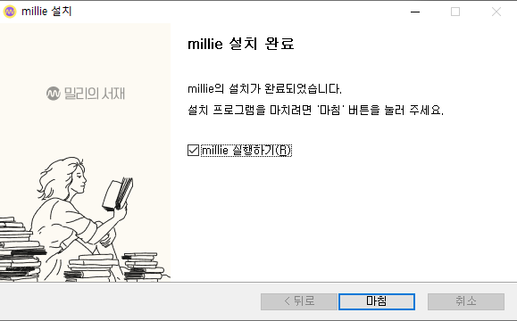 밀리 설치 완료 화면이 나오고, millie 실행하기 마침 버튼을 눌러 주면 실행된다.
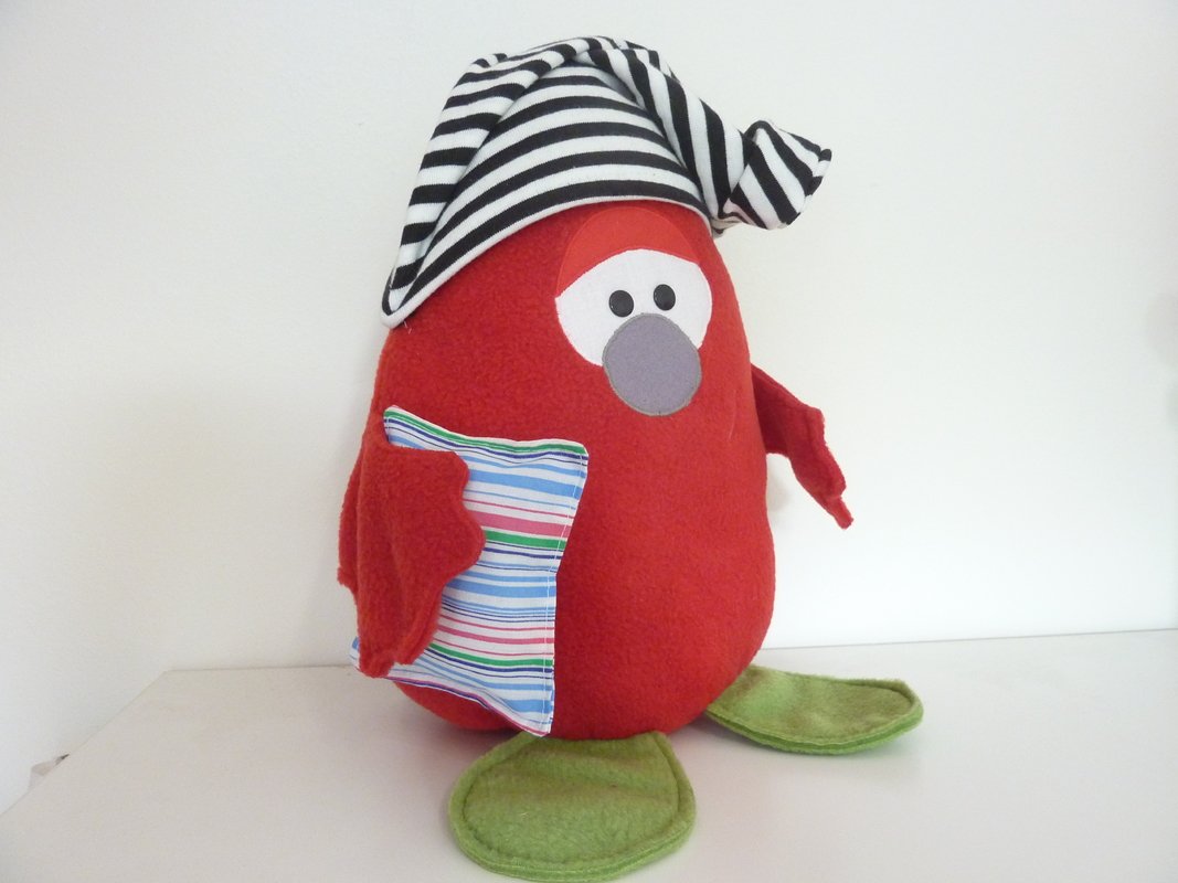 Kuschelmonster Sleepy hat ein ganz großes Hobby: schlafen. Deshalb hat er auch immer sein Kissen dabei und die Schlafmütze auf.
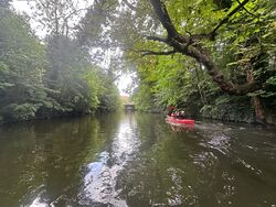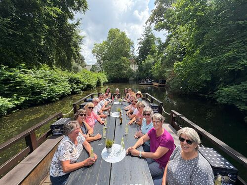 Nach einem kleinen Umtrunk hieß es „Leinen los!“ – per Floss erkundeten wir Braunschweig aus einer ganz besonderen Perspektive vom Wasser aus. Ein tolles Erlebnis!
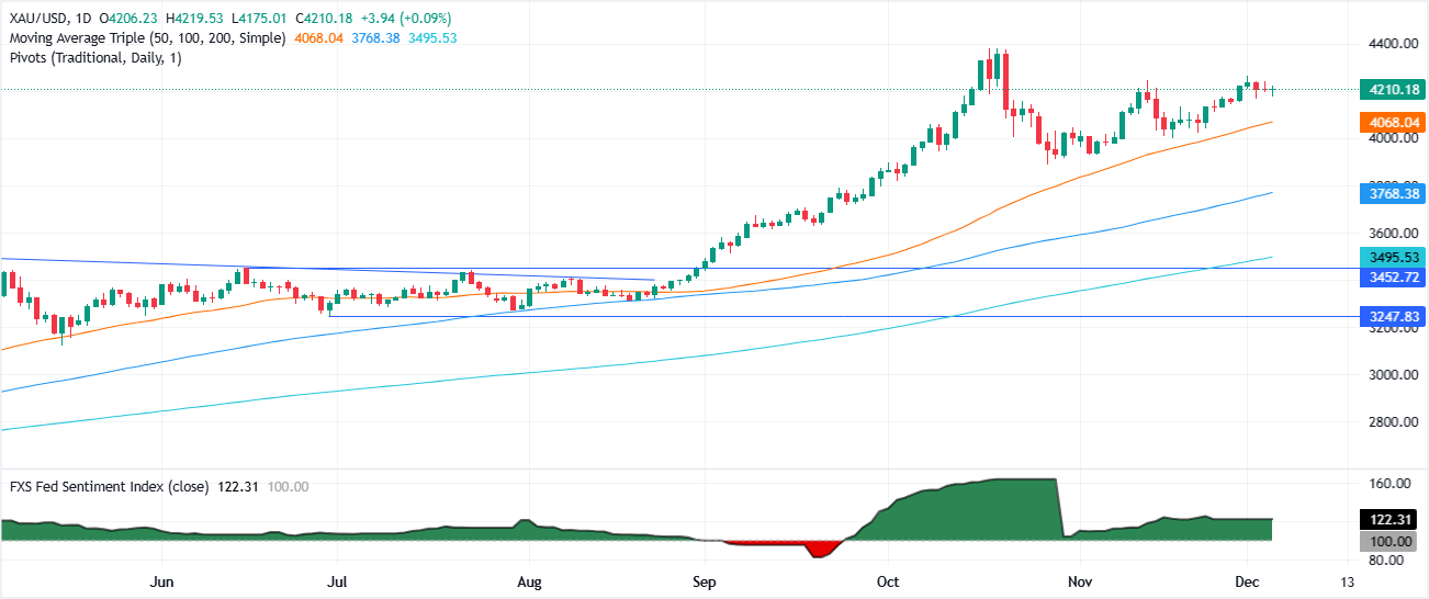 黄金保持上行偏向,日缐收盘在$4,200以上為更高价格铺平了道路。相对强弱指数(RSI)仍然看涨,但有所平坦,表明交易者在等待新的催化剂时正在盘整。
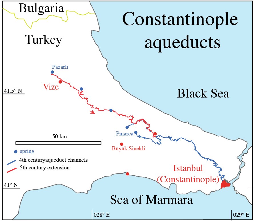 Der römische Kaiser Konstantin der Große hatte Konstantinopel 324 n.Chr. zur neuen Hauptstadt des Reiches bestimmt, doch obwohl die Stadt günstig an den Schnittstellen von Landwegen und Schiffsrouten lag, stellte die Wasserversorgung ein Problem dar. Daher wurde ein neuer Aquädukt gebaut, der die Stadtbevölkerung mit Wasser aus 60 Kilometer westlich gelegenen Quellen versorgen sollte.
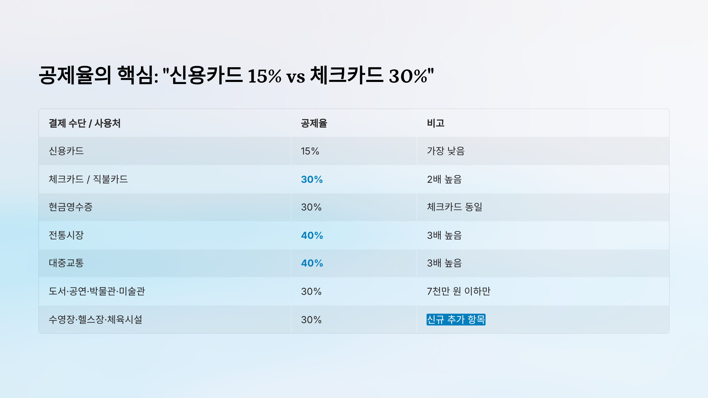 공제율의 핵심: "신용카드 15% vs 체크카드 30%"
...
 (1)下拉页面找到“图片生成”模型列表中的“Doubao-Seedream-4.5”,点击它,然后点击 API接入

(Your assignment): After locating "Kuschelmonster Sleepy hat" and "15% vs 체크카드" in the records above, return exactly the line holding each one and every line between them; leave out the pictures.

(Answer to this exercise):
 Kuschelmonster Sleepy hat ein ganz großes Hobby: schlafen. Deshalb hat er auch immer sein Kissen dabei und die Schlafmütze auf.
 Nach einem kleinen Umtrunk hieß es „Leinen los!“ – per Floss erkundeten wir Braunschweig aus einer ganz besonderen Perspektive vom Wasser aus. Ein tolles Erlebnis!
 黄金保持上行偏向,日缐收盘在$4,200以上為更高价格铺平了道路。相对强弱指数(RSI)仍然看涨,但有所平坦,表明交易者在等待新的催化剂时正在盘整。
 Der römische Kaiser Konstantin der Große hatte Konstantinopel 324 n.Chr. zur neuen Hauptstadt des Reiches bestimmt, doch obwohl die Stadt günstig an den Schnittstellen von Landwegen und Schiffsrouten lag, stellte die Wasserversorgung ein Problem dar. Daher wurde ein neuer Aquädukt gebaut, der die Stadtbevölkerung mit Wasser aus 60 Kilometer westlich gelegenen Quellen versorgen sollte.
 공제율의 핵심: "신용카드 15% vs 체크카드 30%"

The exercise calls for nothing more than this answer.